Being in the ambulance brought back old memories of Dad, old memories of seeing him like Alex, cold and dead.

The paramedic was whispering in my ear, but I couldn't hear her, I couldn't hear anything. I wanted sleep, I wanted my mom. I wanted the whole world to take me instead, I wanted the universe to transfer Alex's pain to me, so that I didn't have to see him suffer, so that I didn't have to hold his cold hand.

We reached the hospital and Alex was taken out of the ambulance. The paramedic who sat next to me helped me off of the ambulance with her warm hand. I didn't get a clear picture of her until now, she was a grey wolf. Nothing like Alex, brown fur and dull brown eyes. But even if it wasn't Alex, it made me think of him, and the tears started back up.

"Hey, it's ok. Look, they're taking him to one of the trauma rooms right now, he's going to be ok," she said, holding my shoulder and balancing me towards the exit. I didn't believe her, I was with Alex the whole time, I didn't hear a heartbeat, I didn't feel any signs of life inside of him. "What's your parents phone number?"

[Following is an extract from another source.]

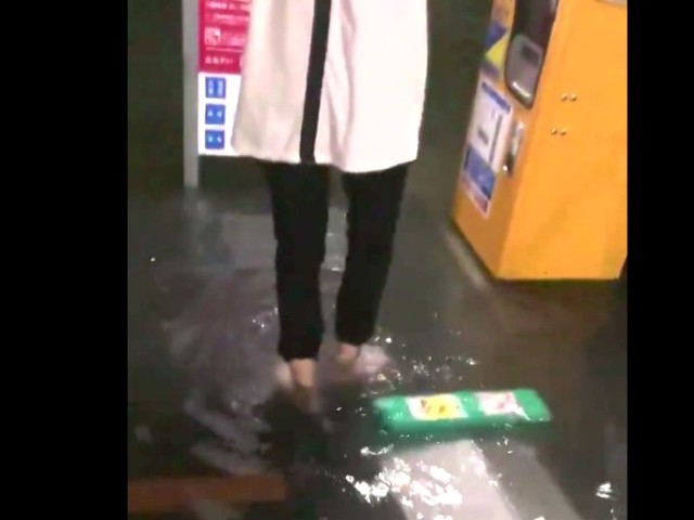 6日午後11時すぎに三重県四日市市で撮影された映像。地面が見えないほど、一面水浸しに。

Can-can I…go with him?" I said through sobs and sniffles. The paramedic bit her tongue and looked off to the side.

"Ok, but stay by my side." I nodded in agreement and she led me through the trauma room to where Alex was lying. I wasn't allowed inside, but the paramedic let me watch from the tiny windows they had. One of the doctors released the blinds so I couldn't see, but another one folded them up, giving me a sympathetic look.

I sat on the bench near the window and threw my head back. Tears had given up on me, just like the rest of the world had, and I felt my eyes slowly drifting off.

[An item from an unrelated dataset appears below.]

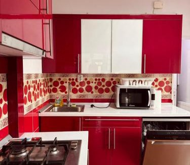 Casa cu Cires Breaza offers accommodations in Podu Vadului, 18 miles from Stirbey Castle and 19 miles from Peles Castle. The property is around 20 miles from George Enescu Memorial House, 23 miles from Slanic Salt Mine, and 19 miles from Dimitrie Ghica Park. The villa features free Wifi and free private parking. Featuring a terrace and garden views, the villa includes 5 bedrooms, a living room, flat-screen TV, an equipped kitchen, and 5 bathrooms with an a bath or shower. For added privacy, the accommodation features a private entrance. The Sinaia Monastery is 19 miles from the villa, while Pelisor Castle is 19 miles from the property. Bucharest Henri Coandă International Airport is 50 miles away.

If I told you, this was only gonna hurt, if I warned you that the fires gonna burn. Would you walk in? Would you let me do it first, do it all in the Name of Love? Would let me lead you even when you're blind, in the darkness, in the middle of the night, in the silence-when there's no one by your side. Would you call in the Name of Love?

️ ️ ️

I opened my eyes to see Mom standing in front of me, her eyes low, her fur frazzled. "Mom," I choked out, feeling mucus slide against my throat. "Mom," I said, looking at her and crying. She sat down next to me and wrapped her arms around me, rocking me back and forth. Somehow I still had tears left in my body, everything was just pain and hurt. Everything wanted to collapse in on itself, the only thing keeping me from falling apart was Mom's embrace.

"He's dead, isn't he?" I said through sobs. Mom just shushed me as nurses and doctors walked by. I wondered what they thought when they saw a snow leopard sleeping on one of their benches in their trauma room. I wondered what sort of reaction they had. Did they think Mom was a bad parent for leaving me there? Did they think about their own children and how they would never allow them to see what I saw?

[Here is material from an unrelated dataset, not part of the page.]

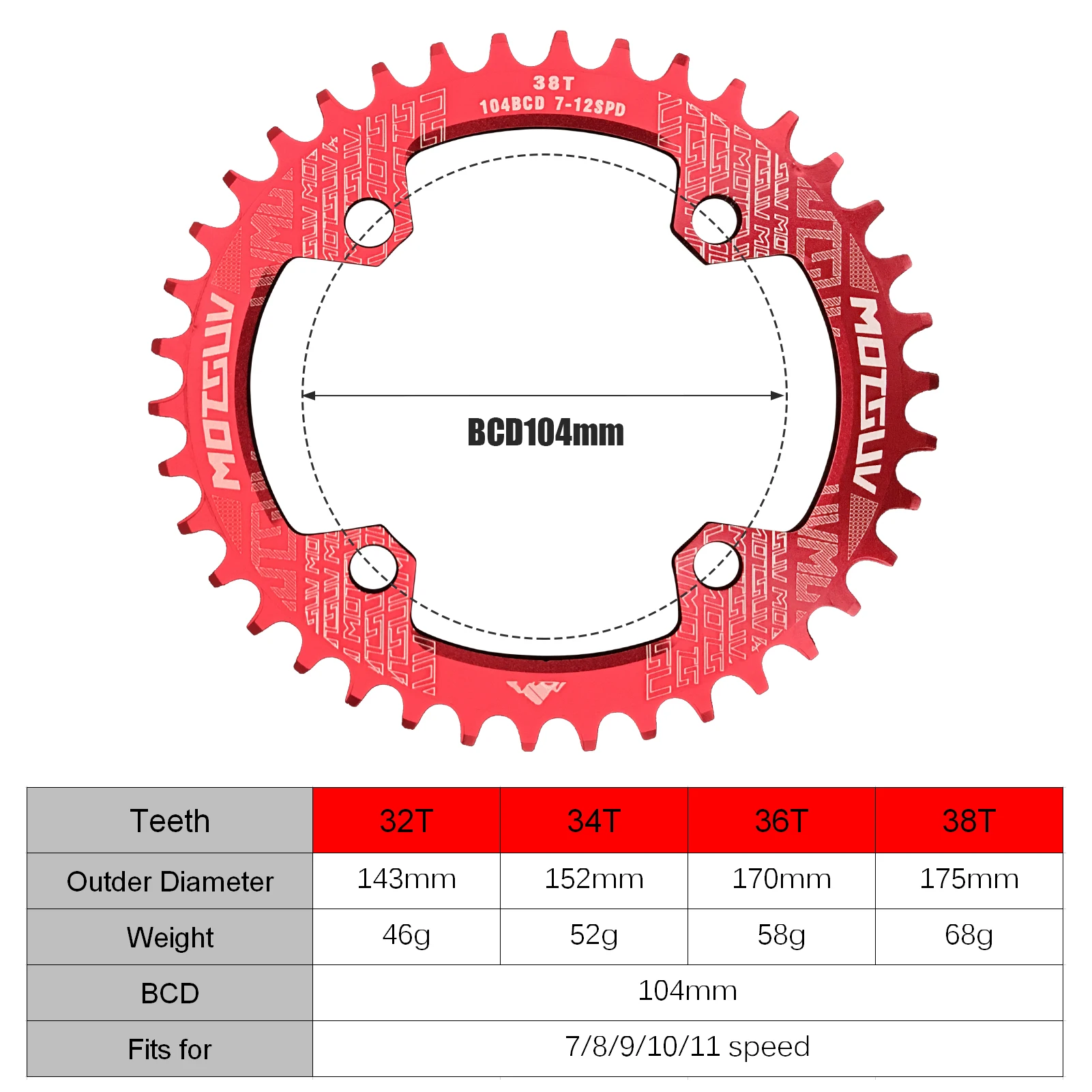 Зубцы: 32T / 34T / 36T / 38T (опционально)

"No, no he's not," Mom said as she rocked me back and forth. "He's alive, but just barely."

If I told you, we could bathe in all the lights. Would you rise up, come and meet in the sky? Would you trust me, when you're jumping from the heights? Would you fall in the Name of Love?

I dug my face into her shirt leaving wet stains. "R-really?" I looked up into her tired blue eyes and she nodded her head. I started laughing, first it was small tiny hiccups, but then it was loud, but Mom just kept rocking me back and forth, stroking the fur on my head and rubbing my ears.

Whispers all around told me I was in shock, but I didn't know what that meant.

"Can I see him?" I asked.

Mom shook her head. "No, you can't see him until his parents arrive."

I looked around everywhere for grey wolves, there was one in the corner, but she already had a kid with a broken arm, and I didn't remember Alex telling me he had a brother. Then I turned my attention to the male red deer at the front desk, sounding frustrated and agitated from the lady who was refusing him something. The female red deer, who I assumed to be his wife, was sitting on one of the couches. Her eyes were dull, glossed over, almost as if all of the life had been drained out of her.

No one can find the rewind button girl. So cradle your head in your hands, and just breathe.